The skull of Dimetrodon (an early synapsid with a single midline postparietal) in occipital view.

Early synapsids inherited postparietals (sometimes paired) from their non-amniote ancestors. Embryological data indicates that the interparietal bone of mammals forms from the fusion of four bones during early development: a pair of medial neural crest elements edged by lateral mesoderm elements. The medial neural crest-derived pair are considered homologous to the postparietals of other vertebrates, while the lateral mesoderm bones are considered homologous to the tabular bones. In almost all mammals, all four bones are fused to each other by the time of birth, and in many cases they additionally fuse to the parietal and supraoccipital in adulthood. Many non-mammalian synapsids have three bones in the interparietal region as adults: one midline bone and two lateral bones. In these situations, the midline bone (often also termed an interparietal) is a fused postparietal while the lateral bones are tabulars. Independently-derived fusion between paired postparietals and/or the adjacent tabulars is common among synapsids, meaning that many different lineages have one, three, or four bones in the region which makes up the mammalian interparietal. In rare cases there are two interparietal bones, formed when left and right postparietals each fuse to their corresponding tabular, but not each other.[2]

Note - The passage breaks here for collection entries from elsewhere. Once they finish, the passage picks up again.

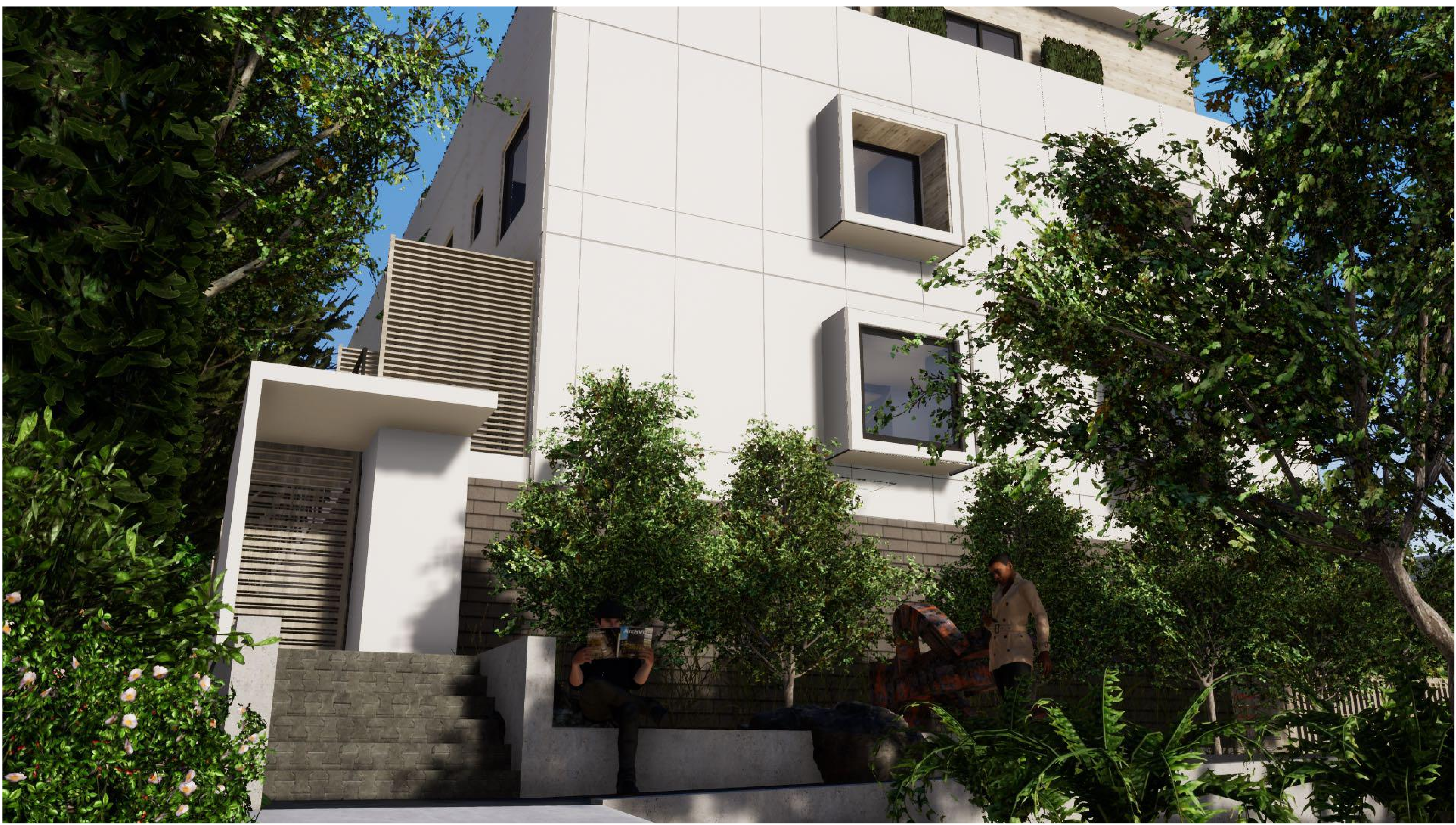
Perspective of landscaped area on front of site and the effect on Streetscape; looking South-East.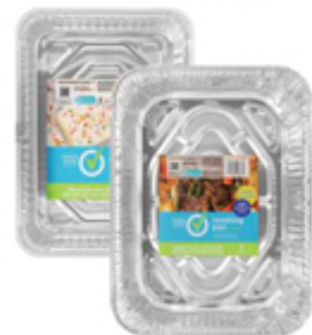
Simply Done Foil Pans Select Varieties 1-3 ct.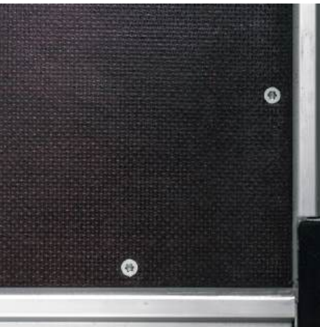
Detail of the plywood floor.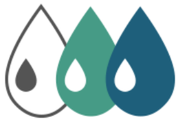
HIV transmission fact sheet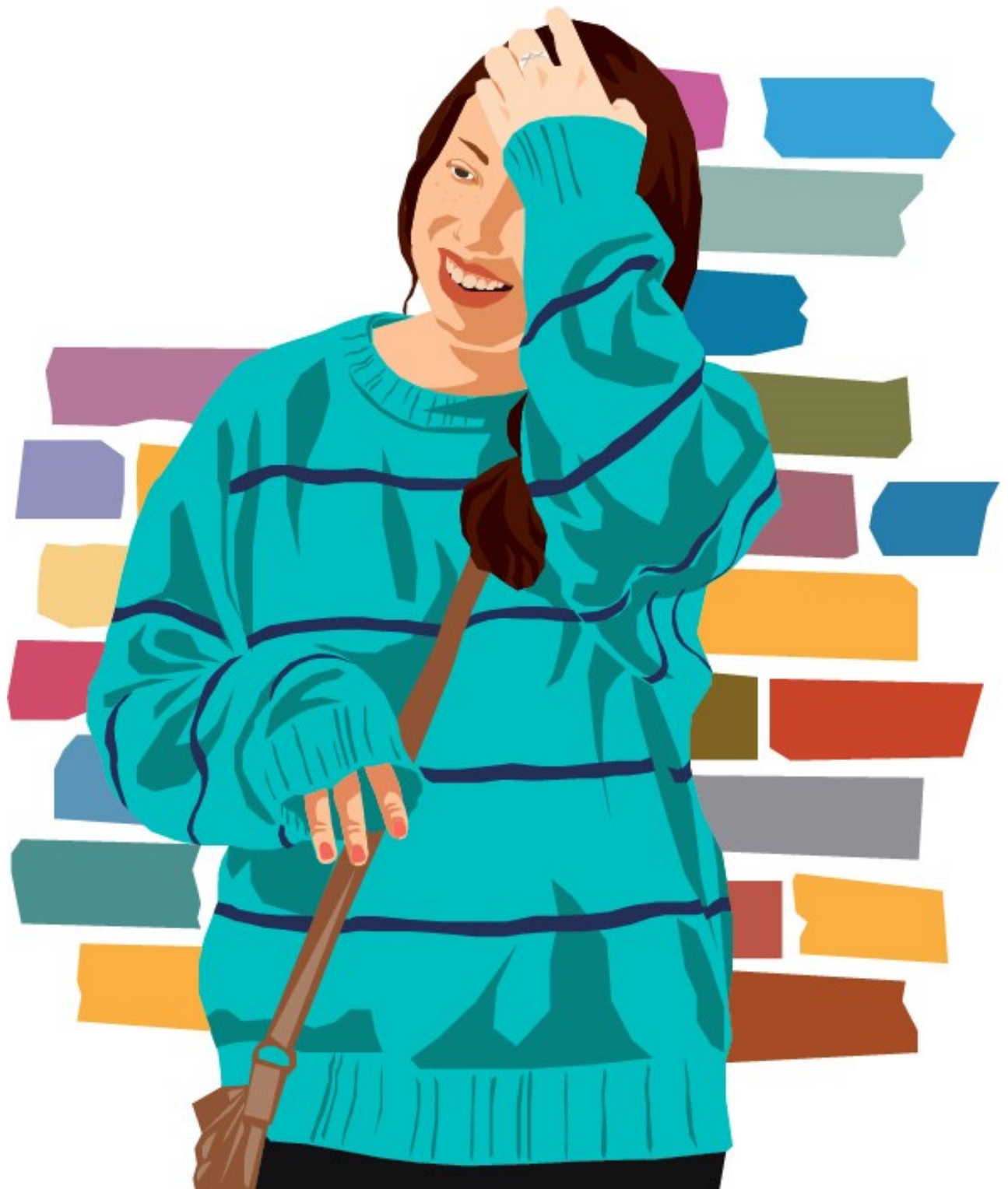
Figure 3: Vector Selfie.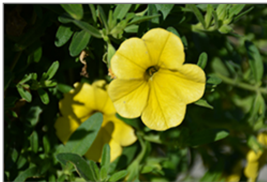
MiniFamous Neo Deep Yellow Calibrachoa flowers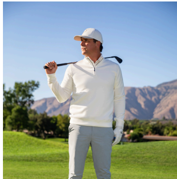
Quarter zips, vest, and knit sweaters are permitted.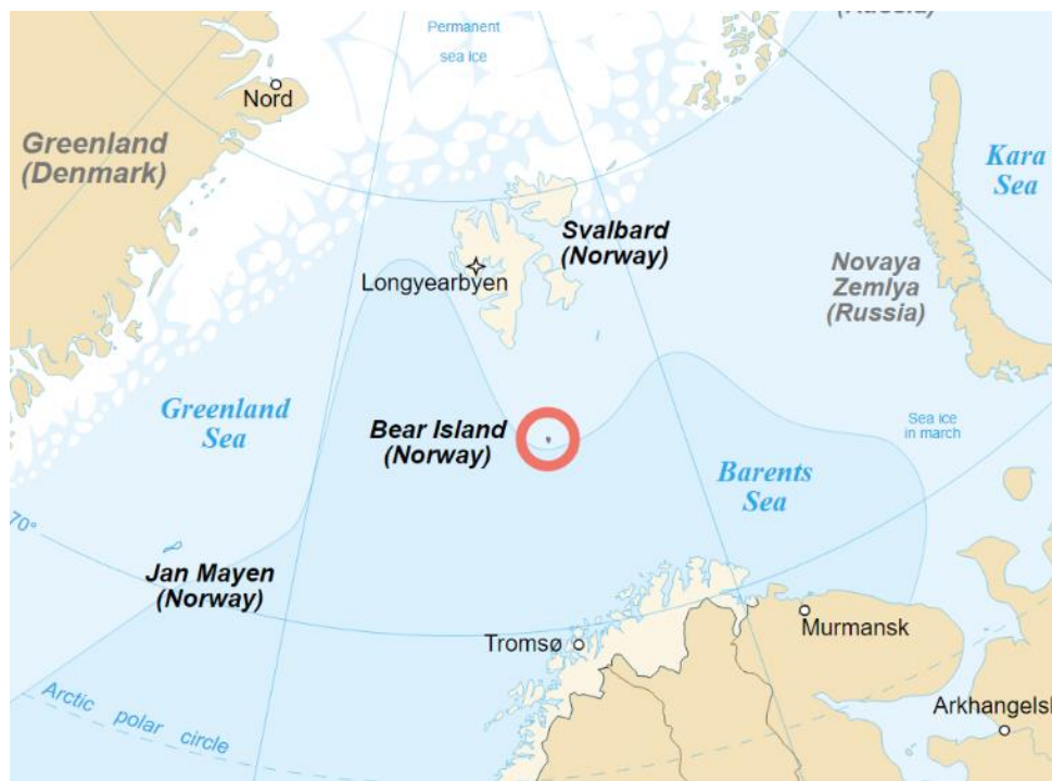
Figure 2. At September's FNC 419, the committee approved the addition of the Conventional name "Bear Island" for the remote island of Bjørnøya, Svalbard. Located between North Cape, Norway and Spitsbergen, Svalbard, the island is home to a nature preserve, meteorological station, and helicopter landing platform. (Map courtesy of Wikimedia Commons.)

To begin a feature search in the GNS database, please visit https://geonames.nga.mil/geonames/GNSHome/welcome.html .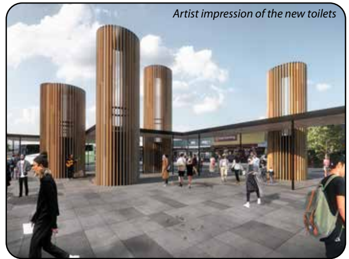
Artist impression of the new toilets

We thank the residents of Tokoroa for embracing the CBD project, for your patience. Check out our website for more updates: www.southwaikato.govt.nz - Our Council - Major Projects.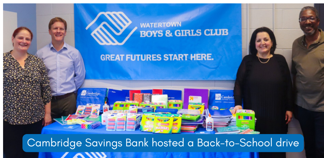
Cambridge Savings Bank hosted a Back-to-School drive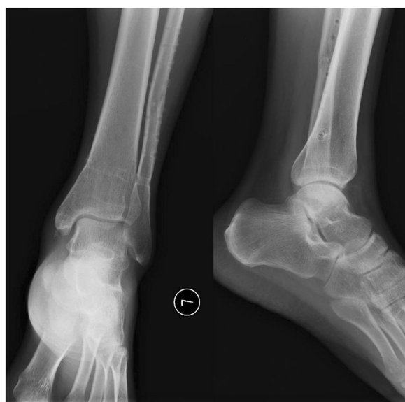
Figure 8 The photograph was taken at 2 weeks after hardware removal operation when patient returned to normal walking. This photograph showed that all hardware were removed and no syndesmotism reoccurred.

according to SF-12 questionnaire. The AOFAS score was 96.3 on average, which was similar to that of patients treated with tightrope reported by Coetzee J and DeGroot H [16,21], and was higher than that of patients treated with syndesmotism bolt and standard screw fixation [6,14,17,21,25,26]. Excellent functional recoveries of the affected ankle joints were achieved in all patients, which should be mainly attribute to flexible fixation of the syndesmosis, the early weight-bearing exercise and long-term maintenance of the reduction of distal tibiofibular joint.

The postparietals continue to shrink and move further back in the skull in reptiles, no longer forming any contribution to the ceiling of the brain cavity. Small paired or fused postparietals are common in Permian parareptiles and eureptiles, including early diapsids such as Petrolacosaurus and Youngina. Postparietals were subsequently lost at the base of Sauria, the expansive diapsid subgroup containing all living species of reptiles. Archosauriforms (and their sister taxon Tasmaniosaurus) briefly reacquired postparietals in the form of a single fused bone. As in synapsids, this bone has sometimes been termed an interparietal. Proterosuchids, erythrosuchids, euparkeriids, and Asperoris are all known to have possessed interparietals, while the bone was absent in proterochampsids, Doswellia, Vancleavea, Litorosuchus, most or all phytosaurs, and archosaurs.[6] The only true archosaur generally considered to possess an interparietal as an adult is a single specimen of Gracilisuchus.[7] Paired postparietals have also been observed in Alligator mississippiensis embryos, although they are incorporated into the supraoccipital by the time of hatching.[8] One proposal used developmental data to argue that the "parietal" of birds was actually derived from postparietals.[9] However, subsequent review provided evidence against that hypothesis by demonstrating that birds had inherited a consistent relationship between the skull roof and brain cavity; this relationship excluded the postparietals from the brain cavity (at least in reptiles) and supported the traditional interpretation that the parietal of birds was homologous to that of other reptiles.[7]